── TASK INPUTS ──
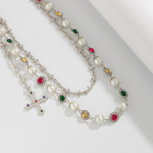 欧米の国境を越えた装飾品パンクヒップホップ風にクロスのズボンのチェーンを入れたアイデアカラーは真珠の腰飾りに似せています。
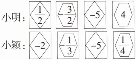 解:小颖获胜.小明:$\frac{1}{2}-(-\frac{3}{2})+(-5)-4=-7$.小颖:$-2-(-\frac{1}{3})+(-5)-\frac{1}{4}=-\frac{83}{12}$.因为$-7<-\frac{83}{12}$,所以小颖获胜.
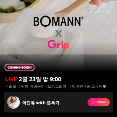 독일 가전 전문 브랜드 ‘보만’이 고객 접점을 보다 확대하기 위해 23일 오후 9시 라이브커머스 플랫폼 ‘그립’에서 라이브 방송을 진행한다고 밝혔다.
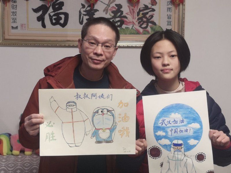 国家中医医疗队(江苏)南京市中西医结合医院放射科唐晨虎主任出发前,女儿亲笔手绘助威图为他送行!
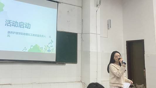 陈雯为本次活动致辞,她提到本届国际社工日的主题寓意和社会工作对社会的重要意义,也表达对本次社工案例分析大赛满满的期待与美好的祝愿。2017级老年服务与管理专业毕业生、龙湖椿山万树养老服务中心社工唐柯桦也来到现场分享他的行业经历、校园经历与工作感受。他以亲身经历嘱咐同学们要注重培养综合能力、调节脾气性格、聚焦能力提升,鼓起了社工学子希望之帆。
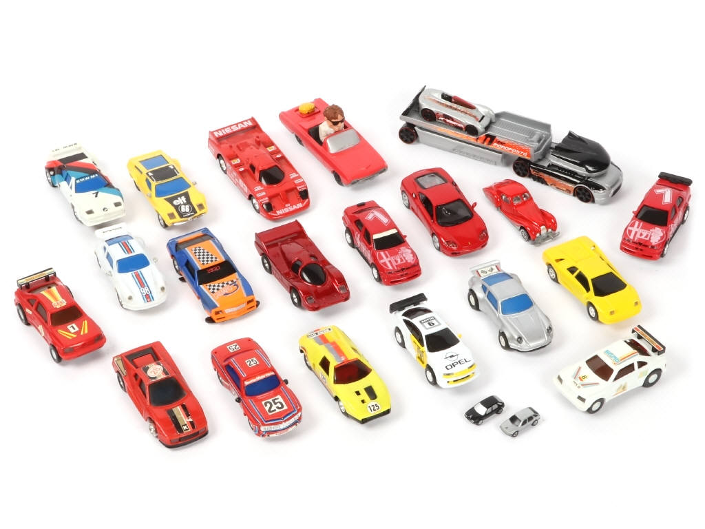 14 slotcars (non testés), un modèle à rétro-friction (testé, fonctionne) - on y retrouve notamment les marques : MATTEL & DISNEY - manques & parties cassées
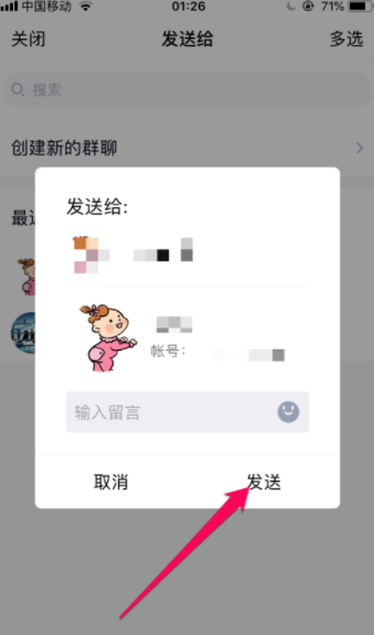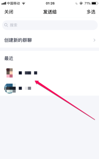 5、选择要把名片推荐的人。
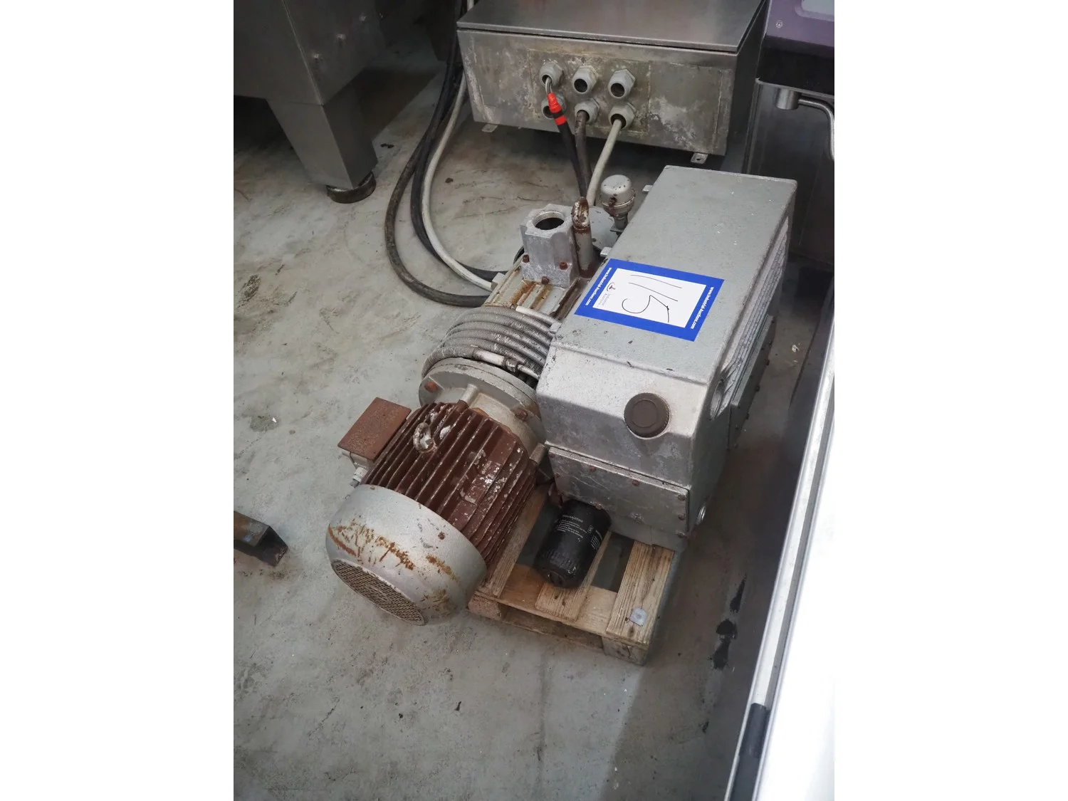 Busch vacuum pump, dimensions: 900 mm x 600 mm x 500 mm.
───
## WHAT THE EXERCISE ASKS:
The lines to reproduce run from the line containing "5、选择要把名片推荐的人。" through the last line of the records above, both included. Copy them exactly and drop the pictures.

## RESULT BELOW:
 5、选择要把名片推荐的人。
 Busch vacuum pump, dimensions: 900 mm x 600 mm x 500 mm.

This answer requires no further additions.